In Scottish art-house director Lynne Ramsay’s moody psychodrama Die, My Love, Lawrence’s character Grace is left alone to look after her newborn in a ramshackle house in the remote woods of Montana while her husband Jackson (Robert Pattinson) goes off to work.
“As a mother, it was really hard to separate what I would do as opposed to what she would do,” Lawrence said in a press conference on the eve of the film’s premiere at the Cannes film festival. ‘And it was just heartbreaking.”
The Hunger Games star, who gave birth to her first child in 2022 and was five months pregnant with her second when filming began on Die, My Love in 2024, said “there’s not really anything like postpartum … it’s extremely isolating. The truth is extreme anxiety and extreme depression is isolating no matter where you are. You feel like an alien.”

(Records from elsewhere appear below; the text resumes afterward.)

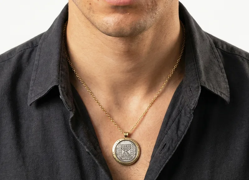 תליון מנורה מעוצב בעבודת יד ממטבע ישן של חצי לירה ואילו מסגרת התליון עשויה ממטבע אנגלי. קוטר התליון 3 ס"מ עם שרשרת גולדפילד איכותית. מירן שביט תכשיטים ממטבעות נייד-ווצאפ 0544993792. המשלוח בדואר רשום חינם.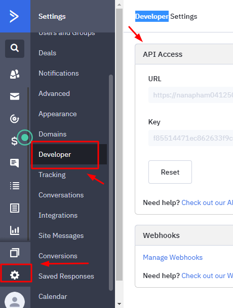 Đăng nhập tài khoản ActiveCampaign-> Tài khoản ( góc dưới cùng bên tay trái )->Developer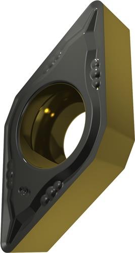 Einseitige positive Drehwendeschneidplatte · 55° Rhombisch mit 7° Freiwinkel · Innenkreisdurchmesser von 9.525mm · 3.97mm Dick · 0.8mm Radius · Indexgenauigkeit nach ISO-Toleranzklasse-M · Spanbrecher FM mit verrundeter Schneidkante · im Substrat T9415 · MT-CVD beschichtet WC-Co Substrat im ISO-Bereich P05 -P30 · zum schlichten bis medium bearbeiten von Stählen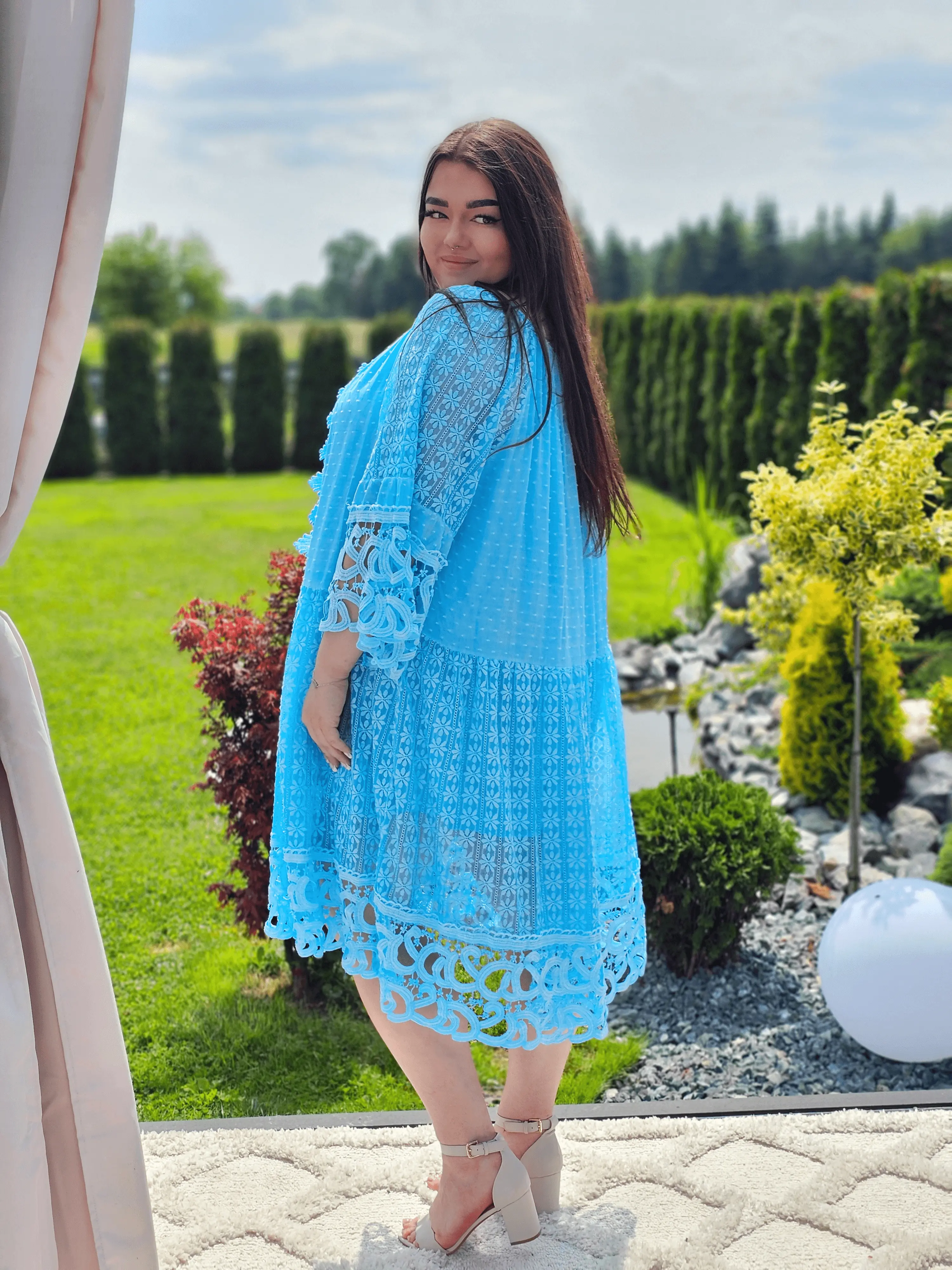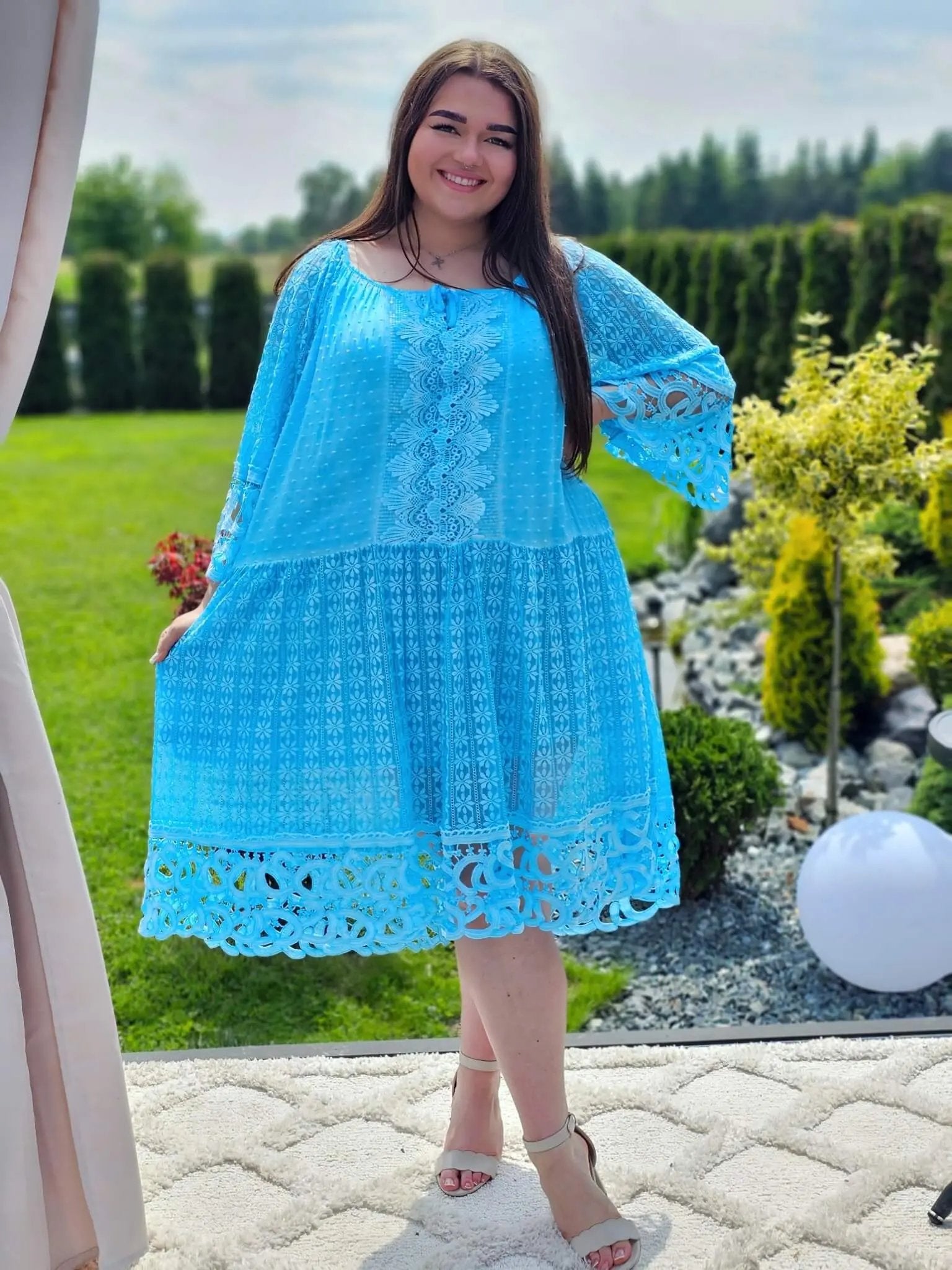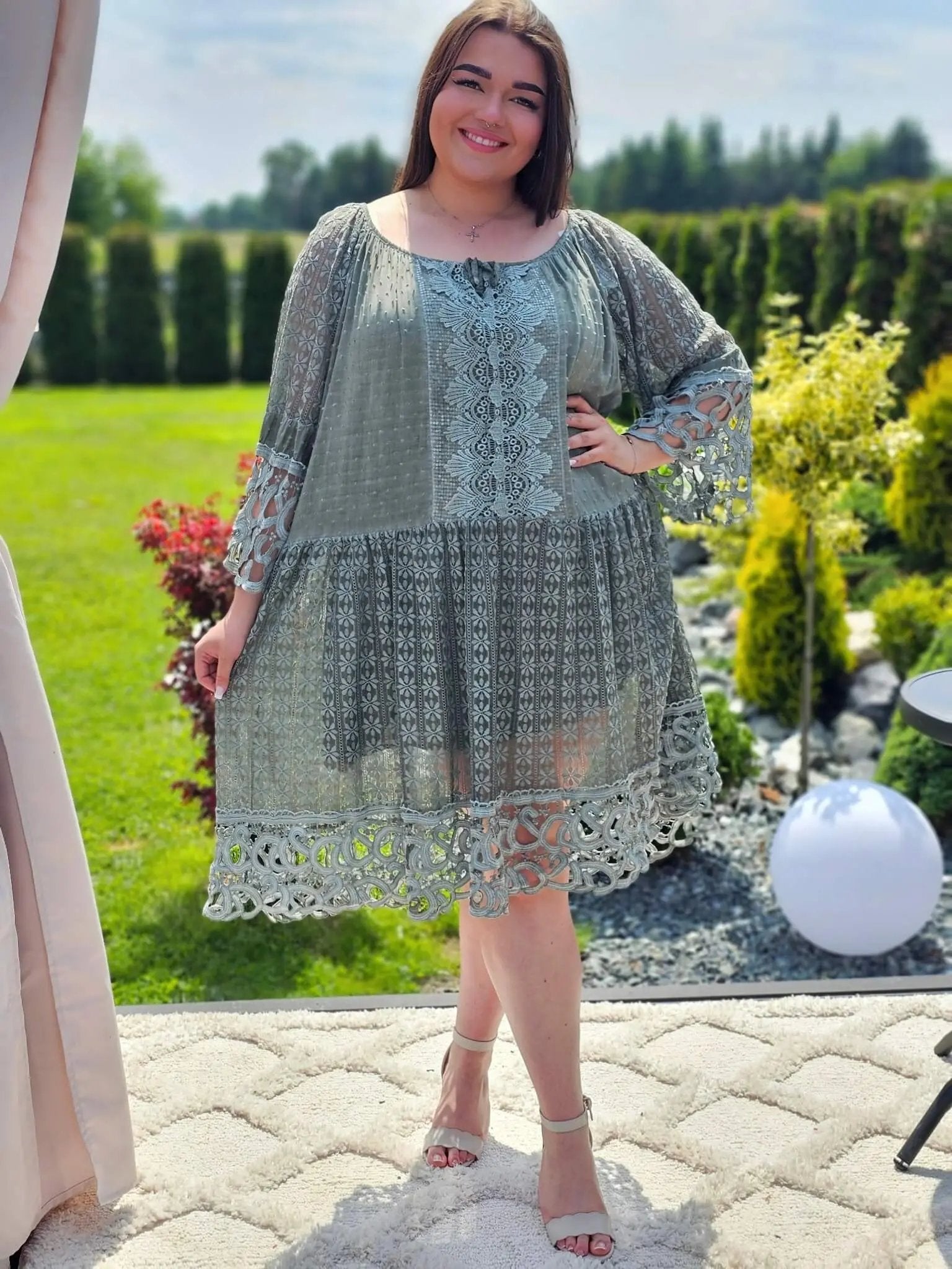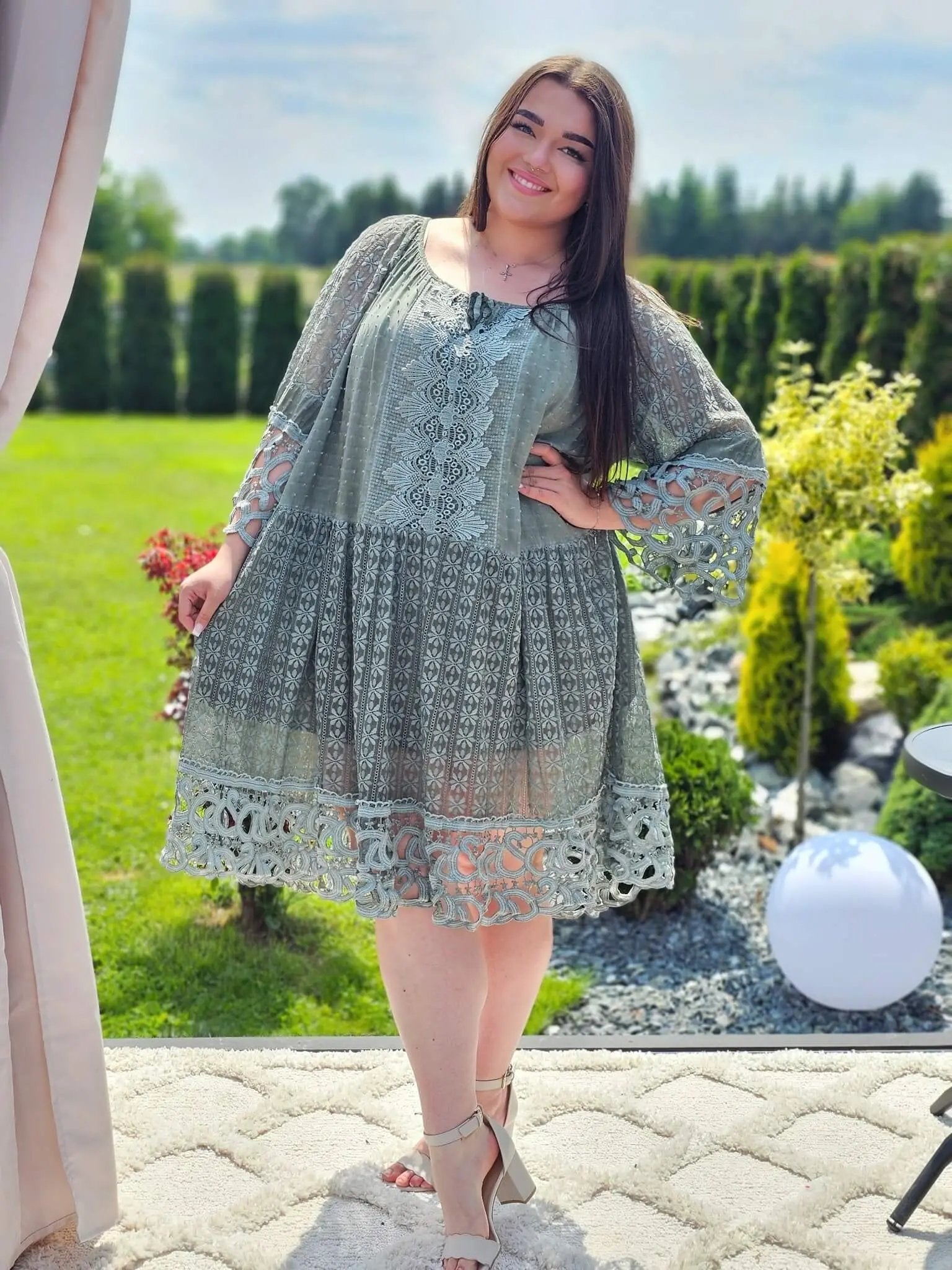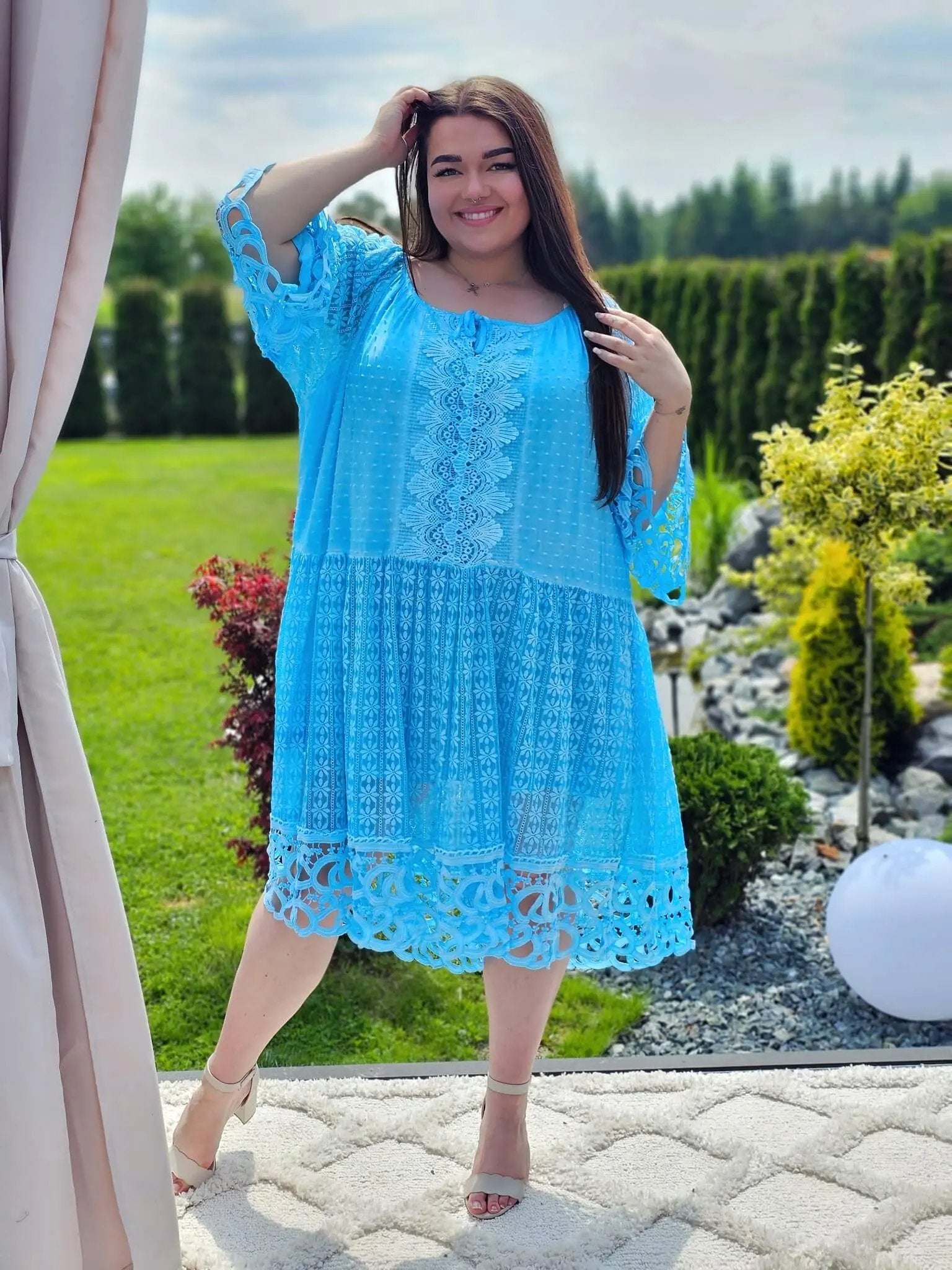 Sukienka to kwintesencja letniej lekkości i kobiecego stylu. Zwiewny materiał i subtelna koronka tworzą idealny duet na upalne dni – zarówno na spacer po parku, jak i wakacyjną kolację przy zachodzie słońca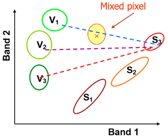 The algorithm solves this integral using Monte Carlo methods, i.e., from endmember spectra drawn from multivariate normal distribution. It basically consists in counting the number of model samples from each possible mixture combination that can give rise to the mixture pixel r, as illustrated in Figure 3 considering a simplified bidimensional problem with 3 vegetation clusters (V1, V2, V3) and 3 soil clusters (S1, S2, S3). The size and orientation in the elliptical probability density contours are determined by the covariance of clusters . It is obvious that (S3, V1) is the most likely model in the mixture. However, other different model combinations, such as (S2, V1) and (S3, V2), have non negligible probabilities and may yield to the same mixture spectrum.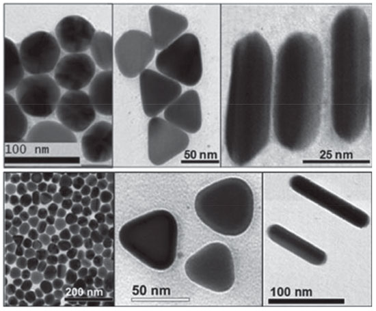 Figura 5. Imagens de microscopia eletrônica de transmissao de NPs de Ag nas formas esféricas, triangulares e de bastonetes, obtidas por diferentes protocolos sintéticos, (modificada a partir da referência 46, artigo de acesso livre distribuído sob os termos da Creative Commons Attribution 4.0 International License: http://creativecommons.org/licenses/by/4.0)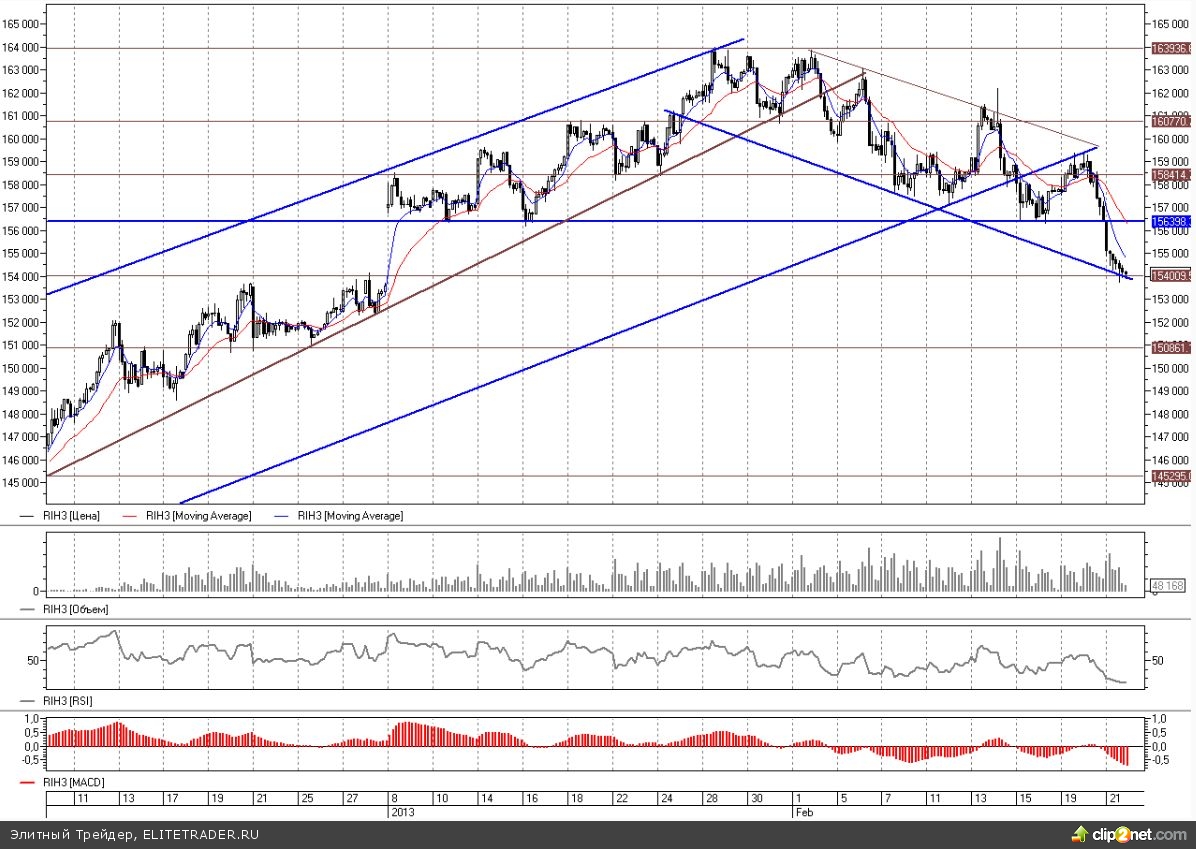 После возврата к пробитому ранее трехмесячному восходящему тренду с середины ноября в район 159000-159500 фьючерс на индекс РТС с чувством выполненного технического долга спокойно покатился вниз, пробивая по очереди все встречающиеся на пути поддержки. На этот раз был пройден долгое время сдерживавший уровень на 156400.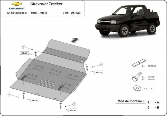 The sump guard is new and fits perfectly for all versions of Chevrolet Tracker manufactured between 1999 and 2005. Sump guard for the protection of the: engine Made out of 3 mm thick Steel plate. Screws, nuts, clips, all fastening accessories are included. All sump guards are powder coated to prevent corrosion. The exterior of the sump guard is provided with Steel reinforcements, which increases the resistance to impact. |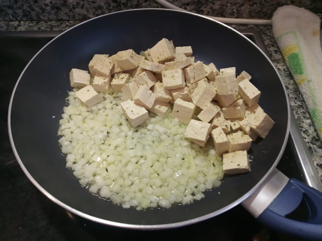 Cuando la cebolla este trasparente, añadir el Tofu troceado, con un poco de sal y pimienta, y si quieres un poco de orégano, mezclar todo bien y dejar hacer unos 5 minutos.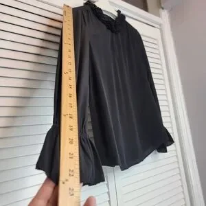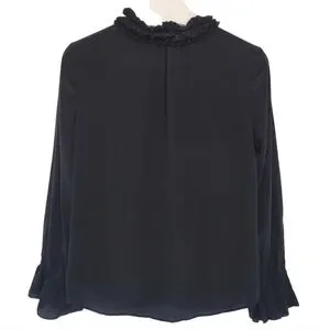 J.CREW Silk Ruffle High Neck Black Blouse Women's 6P Long Sleeves Ruffle Cuffs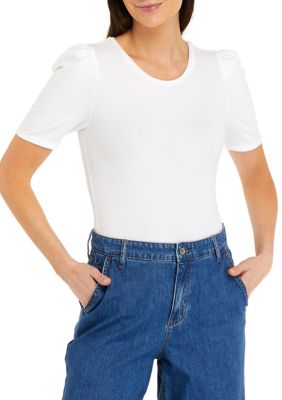 The Kim button-front bodysuit features a stunning ribbed knit construction, short sleeves, and snap button closure at the hem. Bringing an easy-to-layer style to your wardrobe. 50% Viscose, 28% Polyester, 22% Nylon Hand Wash Cold and hang to dry for the best results. Offered in sizes Small - XX-Large Sleeve length: 4.5" Size small measures 25" from shoulder to hem. Model is 5’10” with a 25" waist and 35" hips and is wearing a size Small. | Alloy Apparel Tall Kim Ribbed Bodysuit for Women in White Size L | Nylon {getProduct} $button={Buy Now} $price={$59} $sale={50% Off}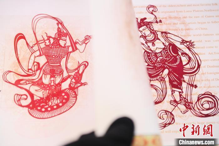 2月8日,甘肅省蘭州市城關(guān)區(qū)“非遺年貨購物月”活動現(xiàn)場展出的敦煌剪紙文創(chuàng)產(chǎn)品。中新社記者 李亞龍 攝

Die, My Love is based on Argentine writer Ariana Harwicz’s novel of the same name. It is Ramsay’s second film to explore the darker sides of motherhood, after her critically acclaimed 2011 feature We Need to Talk about Kevin, based on Lionel Shriver’s novel.
Batman star Pattinson, who became a father in 2024, said he was usually drawn to more abrasive characters than Jackson, but that the character’s struggles while coping with a partner’s mental health issues resonated with him.
“Especially in postpartum, trying to deal with her isolation and trying to figure out your heart and your role in the relationship, it’s incredibly difficult, especially if you don’t have the vernacular,” Pattinson said in Cannes. “He’s not a mental health professional. He’s just hoping that the relationship will go back to what it was.”
Contrary to the swirling horror of early motherhood portrayed in the film, Lawrence insisted having children had made her a better actor. “I didn’t know that I could feel so much,” she said. “My job has a lot to do with emotion … and they’ve changed me creatively. I highly recommend having kids if you want to be an actor.”